真田昌幸「1つお尋ねしても宜しいでしょうか?」

私(村上義清)「構わん。申してみよ。」

真田昌幸「松井田開城までのいきさつについてであります。松井田は堅固な城であります。攻略には相応の犠牲を覚悟しなければなりません。故に平和裏に事を収めたいとの考え。私も同意見であります。ありますが、上野におけるいくさは今後も続いて行きます。まだ殿の方針に従わない者が居ますので。その中の1人が安中でありました。

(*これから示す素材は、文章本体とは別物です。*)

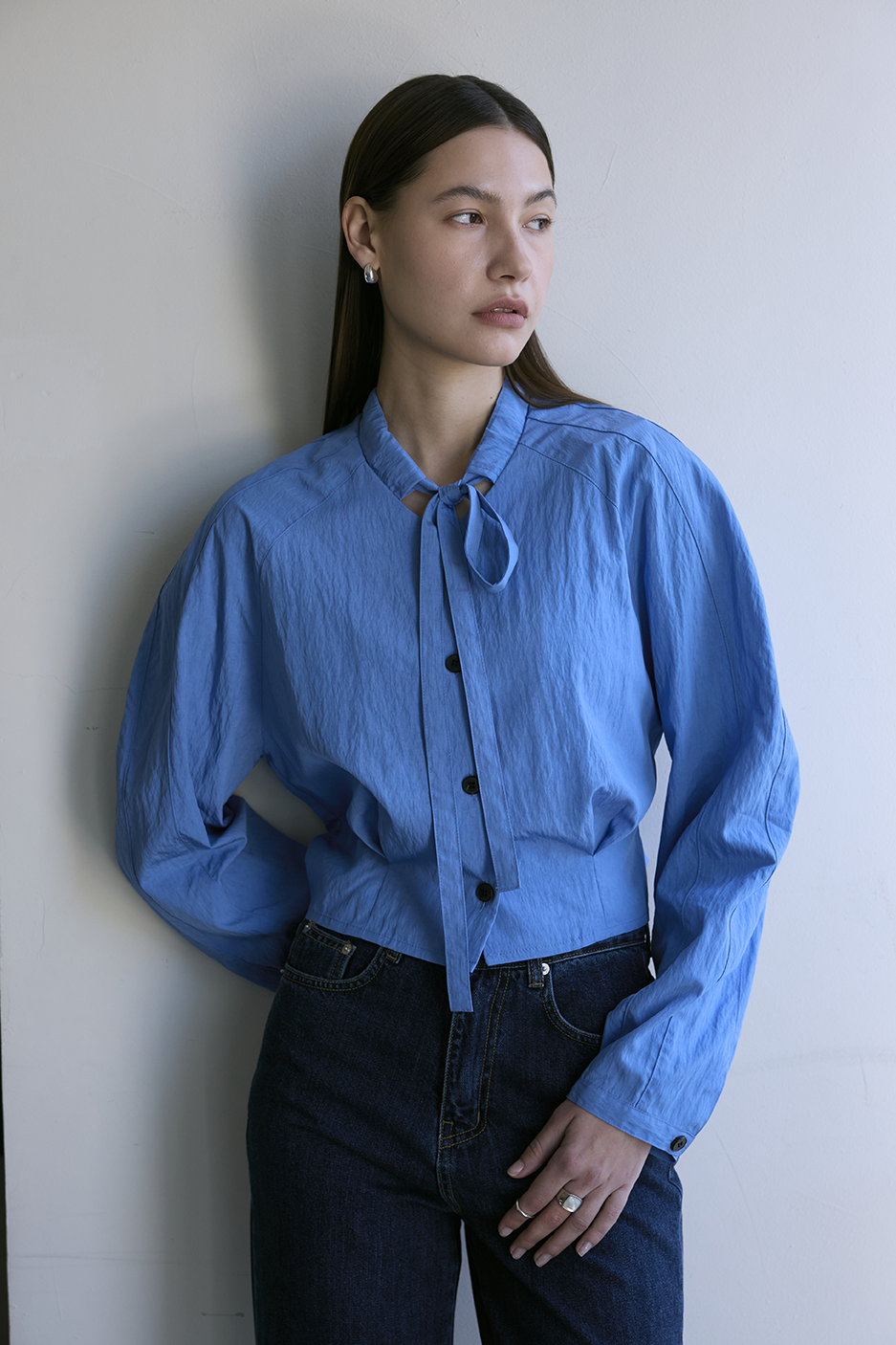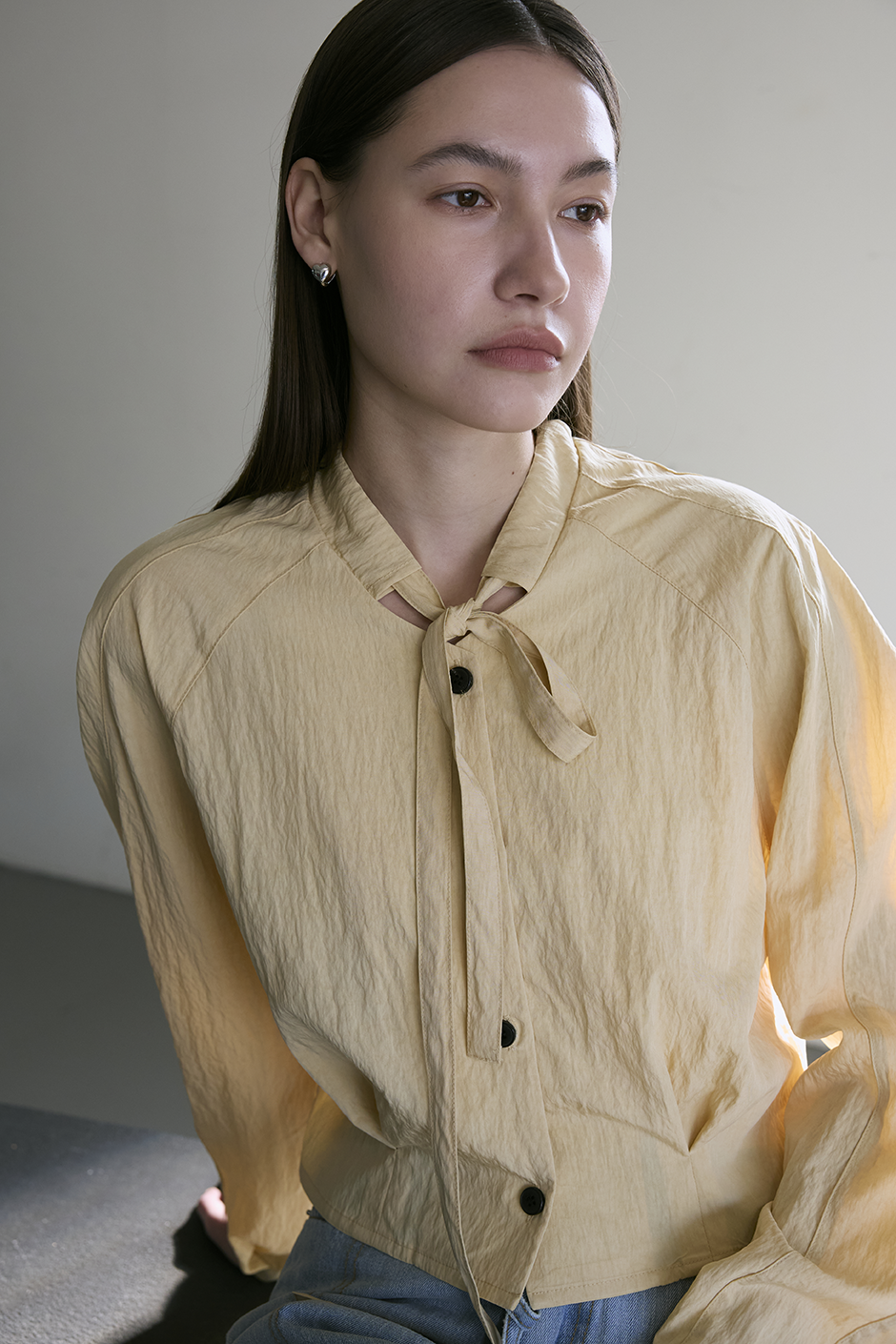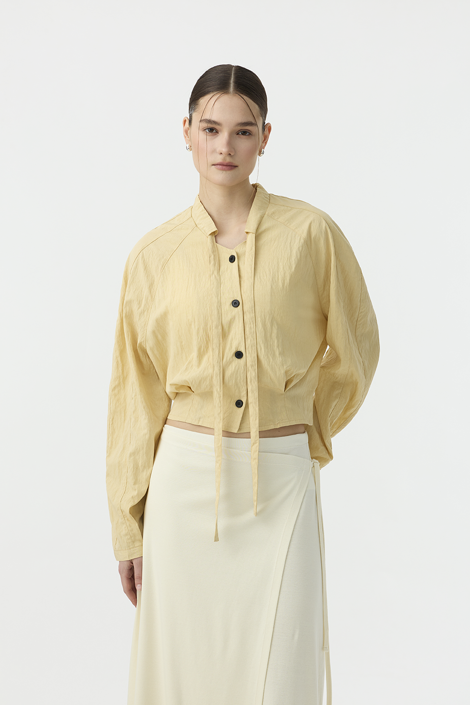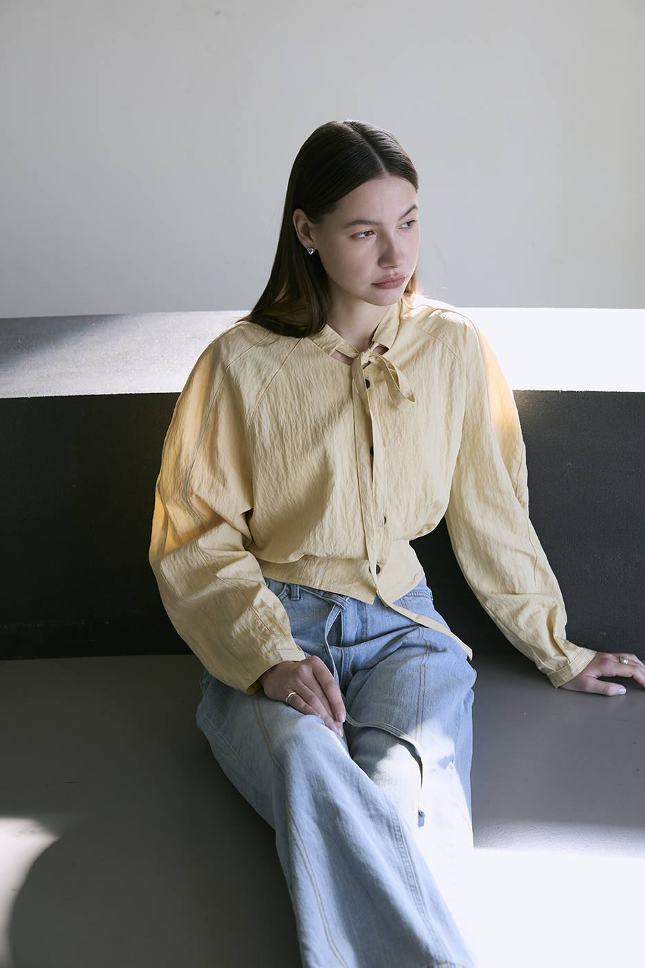 落肩設計,無肩線,微皺輕盈布料是最大的特色,呈現慵懶鬆弛感,綁帶點綴及短版設計讓視覺身形更加修長!

 その安中に対し、元々彼らが持っていた権益を彼らに渡したままでの和睦。あまりにも妥協し過ぎなのでは無いでしょうか?これを見た倉賀野や箕輪。更には岩櫃、惣社に白井と言った者共は殿を

『抵抗の意思を示しただけで、いくさを仕掛ける事も出来ない臆病者。弱腰だ。』

と評価されてしまったのではないか?と感じるのでありますが如何でしょうか?」

私(村上義清)「虎綱が気にしている事があってな。」

真田昌幸「何でありましょうか?」

私(村上義清)「うちの軍事物資。特に玉薬は越後から購入している。ただ購入しているのは信濃においての話であって、上野はそうでは無い。輝虎から無償で供与されている。『関東管領の仕事を遂行するため』として。今、鉢形を維持する事が出来ているのはそのおかげと言っても過言では無い。

 同じ事は上野の国衆にも言える。彼らも輝虎から無償で提供されていると考えるのが自然。つまり上野の各城には大量の玉薬が備蓄されていると見て間違い無い。その数がどれだけなのか?を把握する必要がある。と。

 松井田に関しては正直妥協し過ぎている。重繁に対しても景繁に対しても彼らの家臣に対しても。うちの誘いを断った上、兵を進めただけで景繁は降伏した。じゃあ何で最初拒絶したんだ?と……。重繁も同じ事。確実に便りが届けられたにも関わらず返事が無かった時点で交渉は終わり。後はどちらが城を確保するか?武で以て。となる。

 『それでも。』と何度も何度も交渉をした事は悪い情報を流してしまったと思っている。それは認める。しかし松井田で強硬策に打って出たとて、他の国衆が従うとは思えぬ。従うのであれば、最初の誘いに乗るハズであるのだから。

 ならばうちに従うか迷っている重繁を抱き込み。無傷のまま松井田にある玉薬の量を把握した方が、今後のいくさを進めるための参考になるのでは無いか?